What is required
Pictures are to be left out. Return exactly the lines below from the one with "Anker MagGo Wireless" up to and including the one with "Całość została zaprojektowana".

___ Provided entries

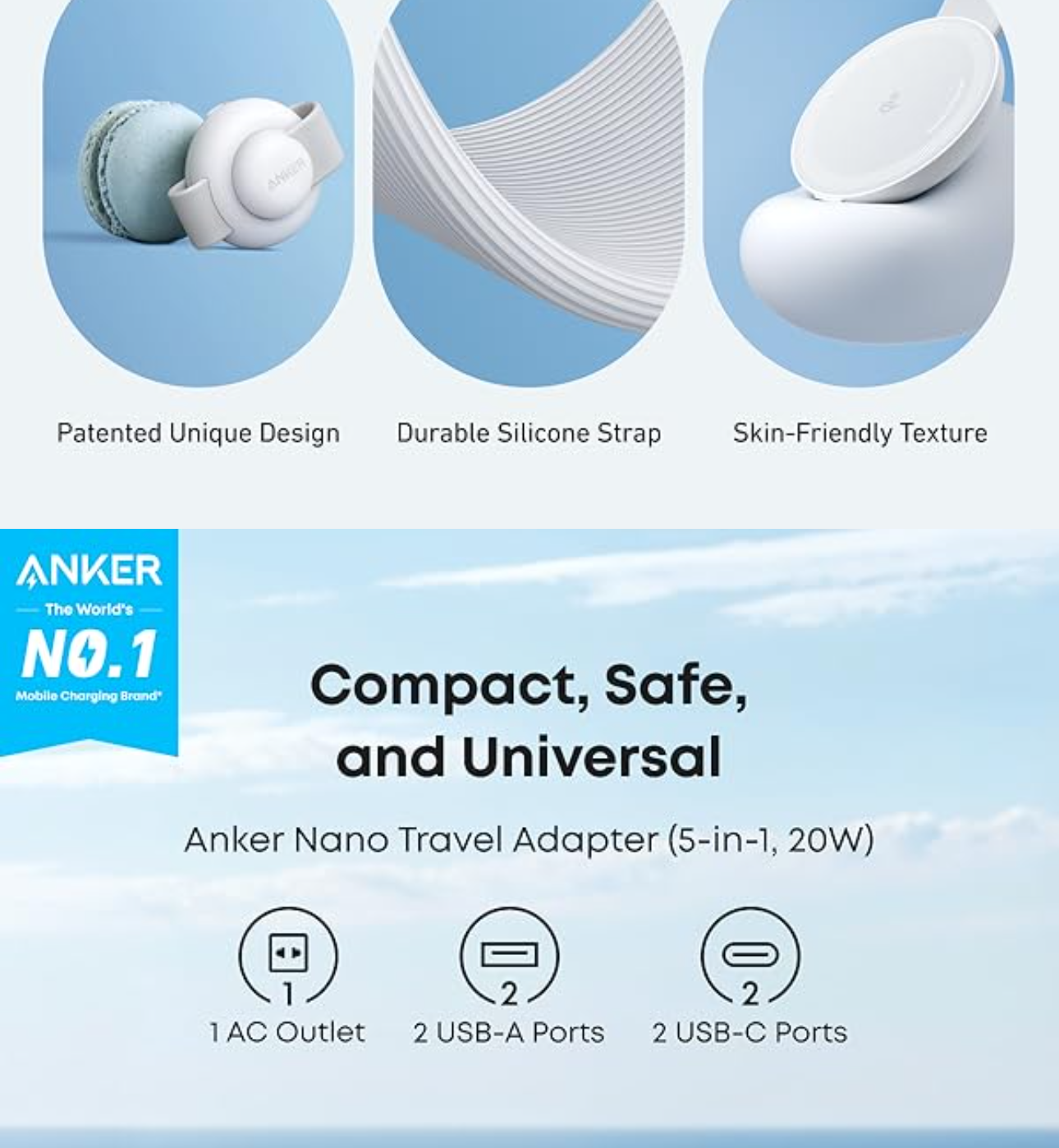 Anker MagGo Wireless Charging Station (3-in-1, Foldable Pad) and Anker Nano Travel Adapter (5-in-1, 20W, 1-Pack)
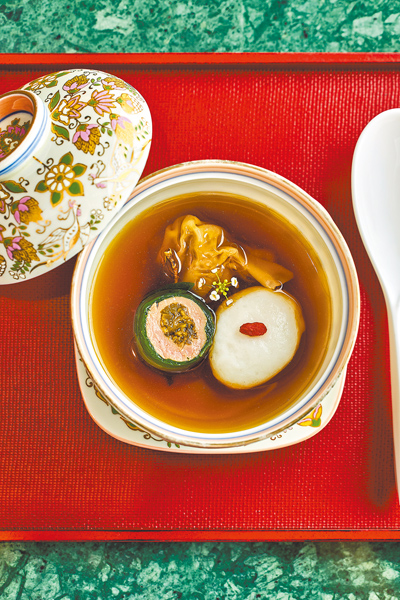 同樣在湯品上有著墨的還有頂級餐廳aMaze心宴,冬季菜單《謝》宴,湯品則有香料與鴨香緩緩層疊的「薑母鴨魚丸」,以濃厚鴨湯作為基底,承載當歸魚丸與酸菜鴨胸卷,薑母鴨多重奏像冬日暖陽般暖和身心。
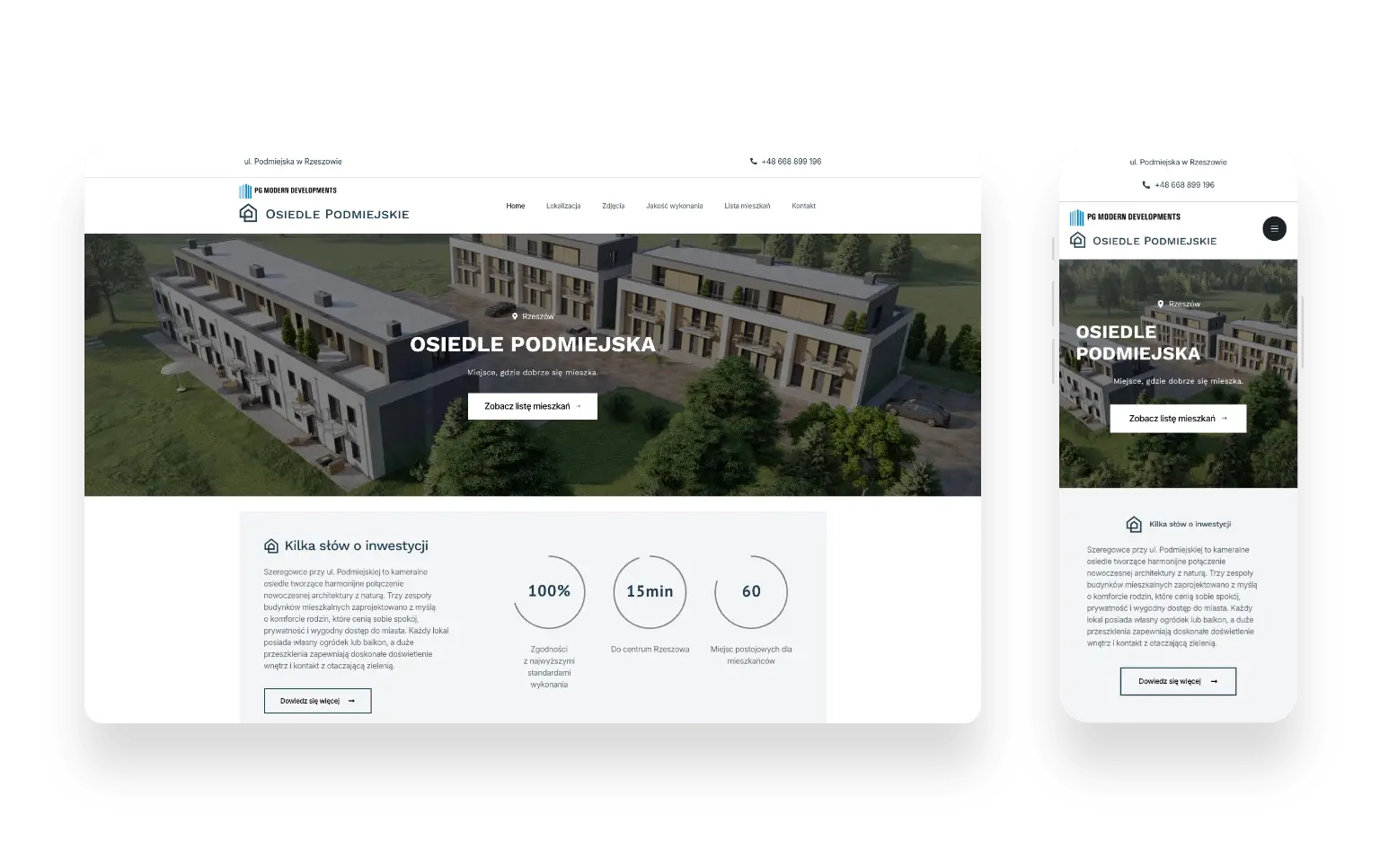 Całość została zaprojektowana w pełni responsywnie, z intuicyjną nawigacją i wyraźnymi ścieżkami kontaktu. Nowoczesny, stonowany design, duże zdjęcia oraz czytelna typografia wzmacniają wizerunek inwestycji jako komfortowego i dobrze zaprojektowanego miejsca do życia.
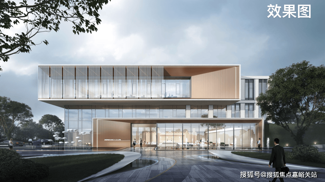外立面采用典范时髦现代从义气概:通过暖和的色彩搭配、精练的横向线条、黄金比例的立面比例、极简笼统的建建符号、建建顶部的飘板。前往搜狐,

______
___ Provided entries

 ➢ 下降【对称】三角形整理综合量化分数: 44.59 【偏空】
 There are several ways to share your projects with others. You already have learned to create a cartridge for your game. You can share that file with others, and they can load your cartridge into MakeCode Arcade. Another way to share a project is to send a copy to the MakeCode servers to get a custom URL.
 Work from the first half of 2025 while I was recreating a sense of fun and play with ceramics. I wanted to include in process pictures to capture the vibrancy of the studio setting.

______
___ Provided entries

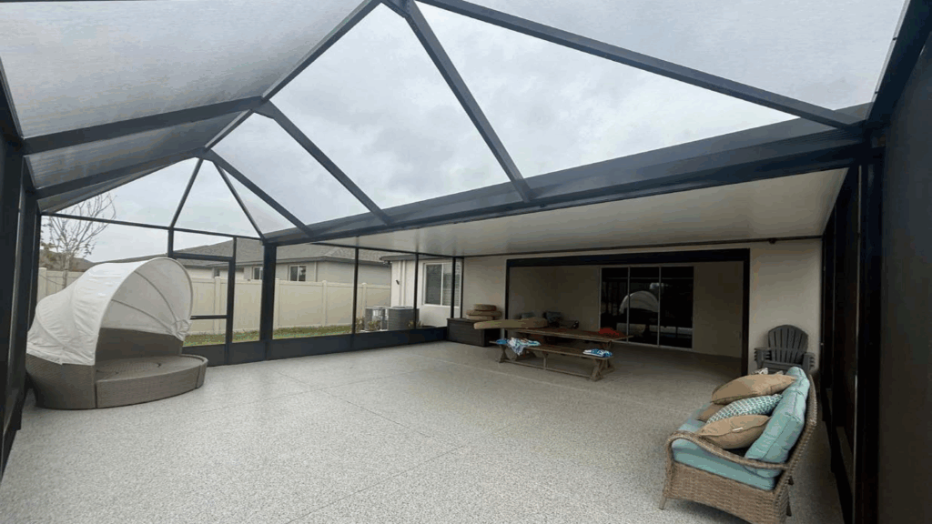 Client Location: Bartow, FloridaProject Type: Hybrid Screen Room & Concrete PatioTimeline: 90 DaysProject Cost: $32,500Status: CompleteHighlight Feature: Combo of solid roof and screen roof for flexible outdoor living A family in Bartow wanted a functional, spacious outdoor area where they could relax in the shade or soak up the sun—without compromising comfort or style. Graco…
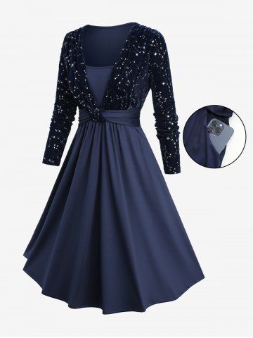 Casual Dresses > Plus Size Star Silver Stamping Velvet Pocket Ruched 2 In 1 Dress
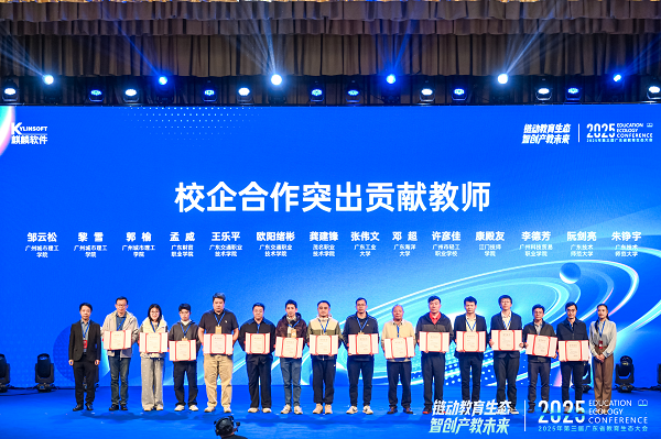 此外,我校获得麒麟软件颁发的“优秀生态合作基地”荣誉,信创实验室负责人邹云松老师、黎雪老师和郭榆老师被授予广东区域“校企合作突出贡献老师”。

______

Exercise output
 Anker MagGo Wireless Charging Station (3-in-1, Foldable Pad) and Anker Nano Travel Adapter (5-in-1, 20W, 1-Pack)
 同樣在湯品上有著墨的還有頂級餐廳aMaze心宴,冬季菜單《謝》宴,湯品則有香料與鴨香緩緩層疊的「薑母鴨魚丸」,以濃厚鴨湯作為基底,承載當歸魚丸與酸菜鴨胸卷,薑母鴨多重奏像冬日暖陽般暖和身心。
 Całość została zaprojektowana w pełni responsywnie, z intuicyjną nawigacją i wyraźnymi ścieżkami kontaktu. Nowoczesny, stonowany design, duże zdjęcia oraz czytelna typografia wzmacniają wizerunek inwestycji jako komfortowego i dobrze zaprojektowanego miejsca do życia.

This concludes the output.